Tanpa diduga Tuan Shimamura justru melempar tawa renyah yang terdengar ramah. Memang rata-rata orang Jepang selalu menjaga suaranya supaya tidak nyaring.
"Saya justru senang karena bisa menyaksikan pemandangan yang langka dari Tuan Muda Wiranata yang Anda sendiri tahu Beliau adalah orang yang sangat tertutup terhadap publik."
"Sekarang saya bisa mengerti mengapa Anda belum berniat memperkenalkan istri Anda ke khalayak umum." Tuan Shimamura beralih menatap Gibran. Matanya menyipit hingga hampir menghilang saat ia tertawa.
"Lihatlah senyumnya yang menawan itu. Anda pasti begitu khawatir para pria akan mengerumuninya layaknya predator. Nyonya Wiranata memang memiliki pesona yang luar biasa. Anda jelas harus berhati-hati.
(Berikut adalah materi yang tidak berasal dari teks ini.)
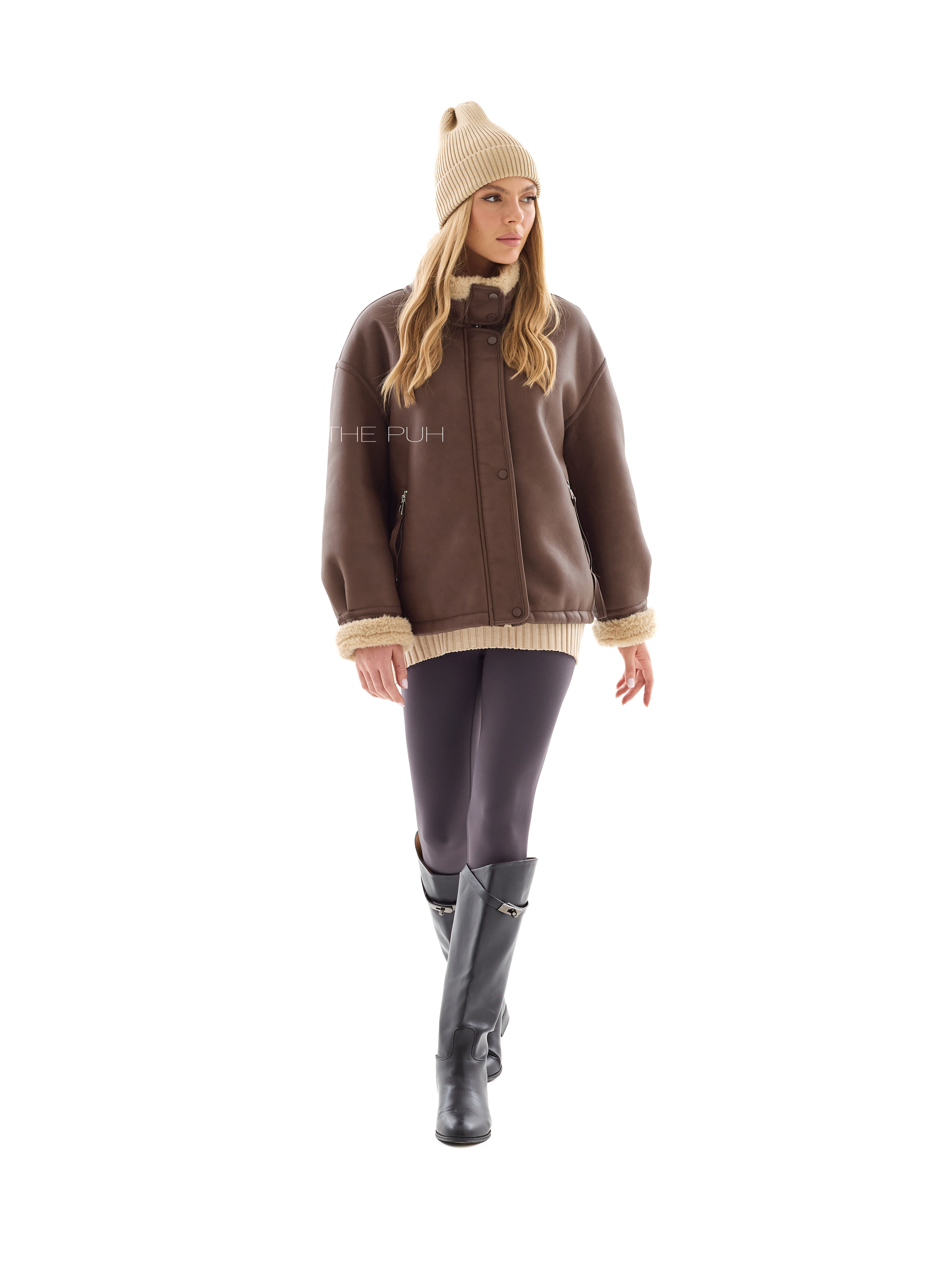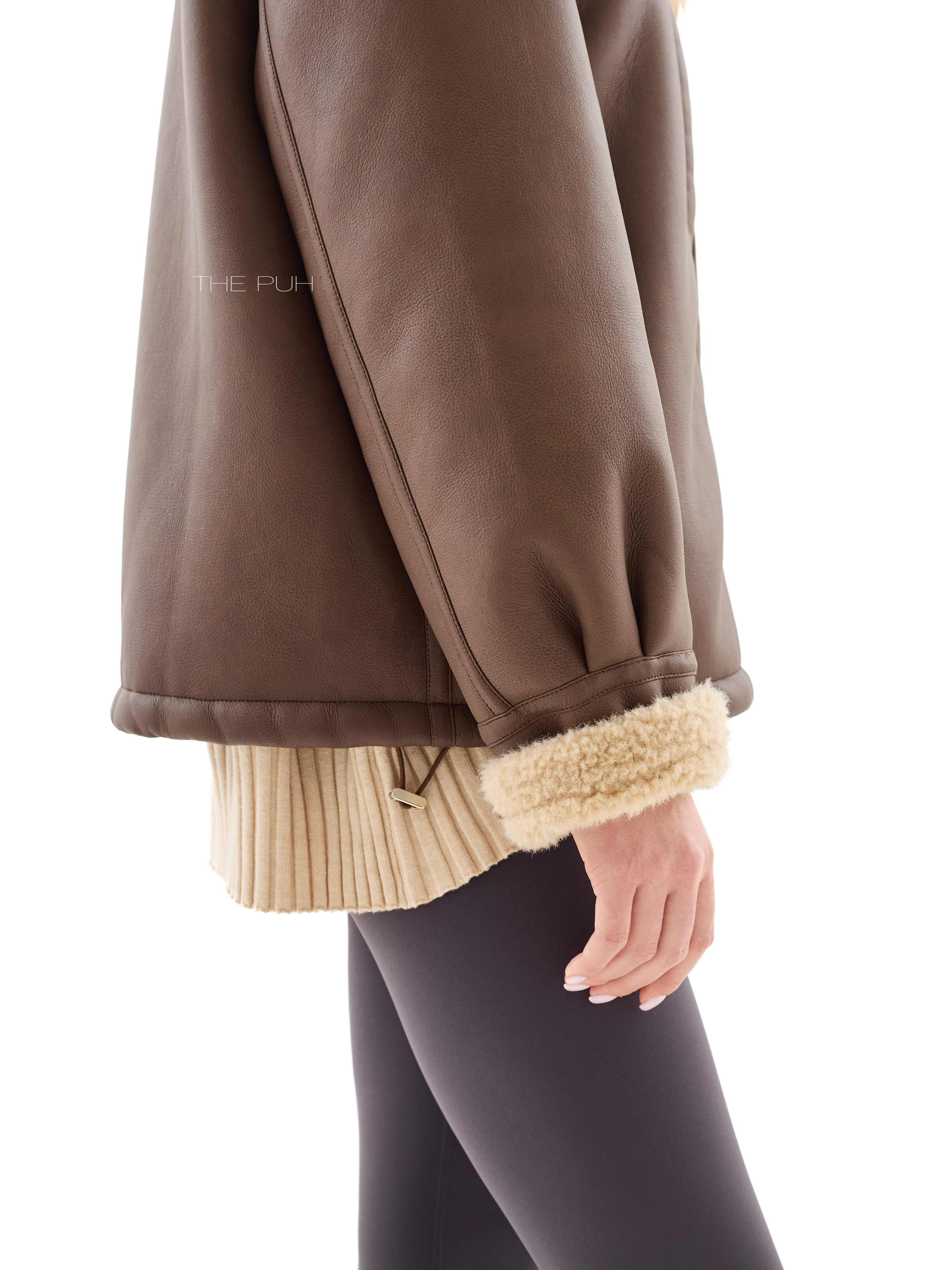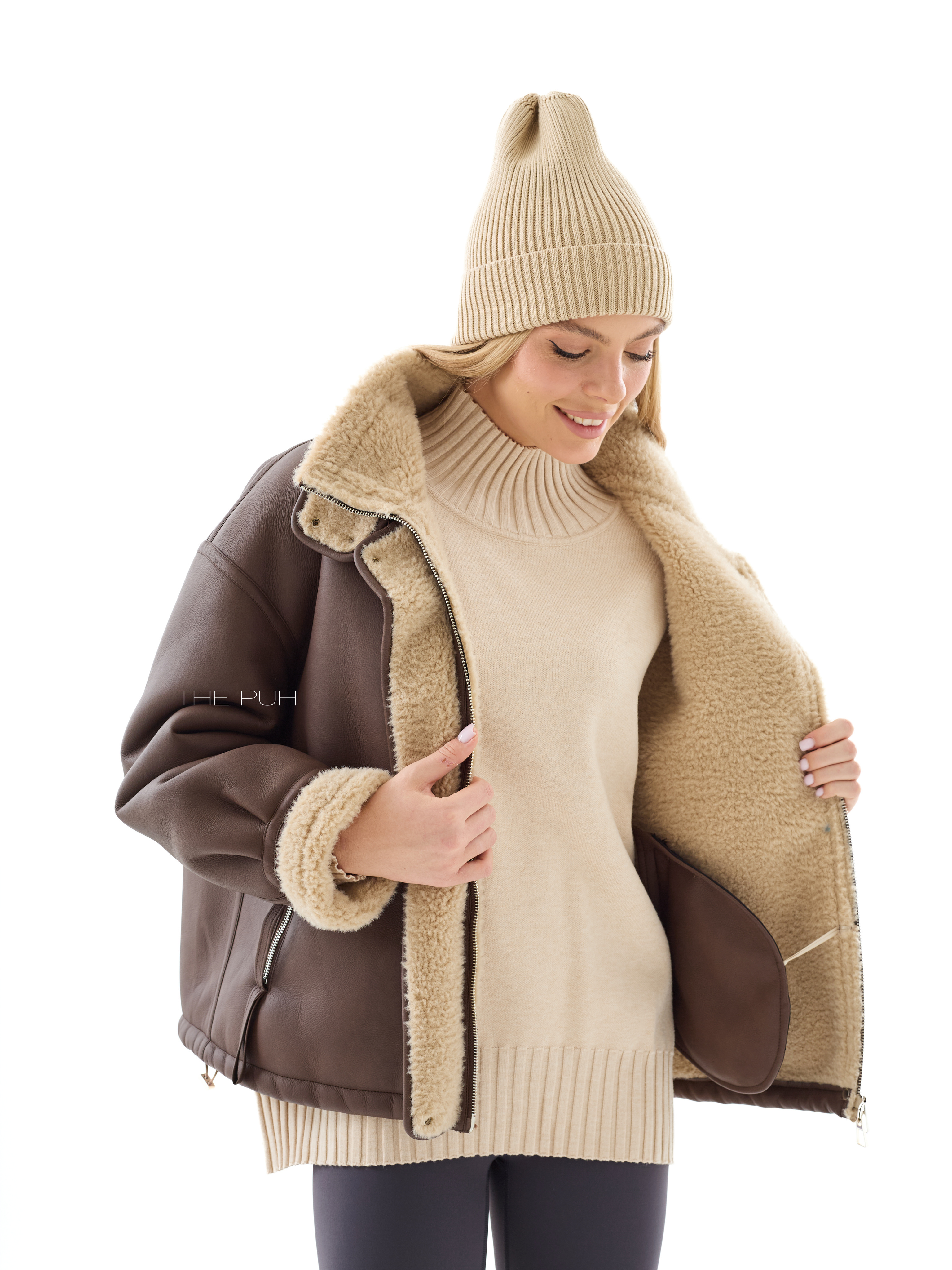 Коричневая дубленка выполнена из эко-меха контрастного бежевого цвета. Модель дополнена воротом-стойкой и кулиской с фиксаторами по низу, которые защитят от ветра и непогоды.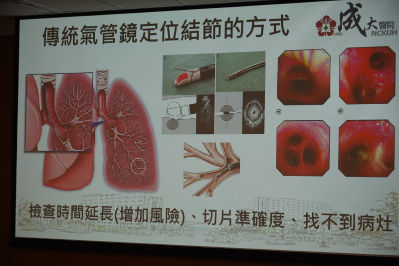 成大醫院胸腔內科郭鈞瑋醫師表示,精確的診斷是提供有效治療的關鍵第一步,過去在肺癌診斷面臨許多挑戰。傳統氣管鏡檢查受限於設備的能力,難以精確到達肺部外圍或對較小的病灶進行定位,醫師必須對可能有病灶的支氣管,逐一進行繁複的內視鏡超音波探查,大大增加切片的難度、延長檢查的時間,也降低診斷的準確性,更影響早期肺癌的診斷率和治療的時機。

Jika tidak ingat umur, mungkin saya juga akan tertarik menjadikannya sebagai istri. Hahaha ..."
Gibran terdiam tanpa ekspresi. Entah apa yang sedang pria itu pikirkan. Sedangkan Maria mati-matian menahan senyum garing atas lontaran Tuan Shimamura mengenai dirinya dan Gibran.
Sayang sekali pria itu tidak tahu bagaimana hubungan yang sebenarnya terjalin antara ia dan juga Gibran.
Sebetulnya, ada setitik rasa bersalah Maria terhadap Gibran yang ia pupuk sejak awal pernikahan. Dan Maria berjanji akan memperbaiki apa pun yang mungkin saja tanpa sengaja telah ia hancurkan.
Benar. Maria tidak tahu apakah Gibran memiliki kekasih atau tidak saat menikahi dirinya.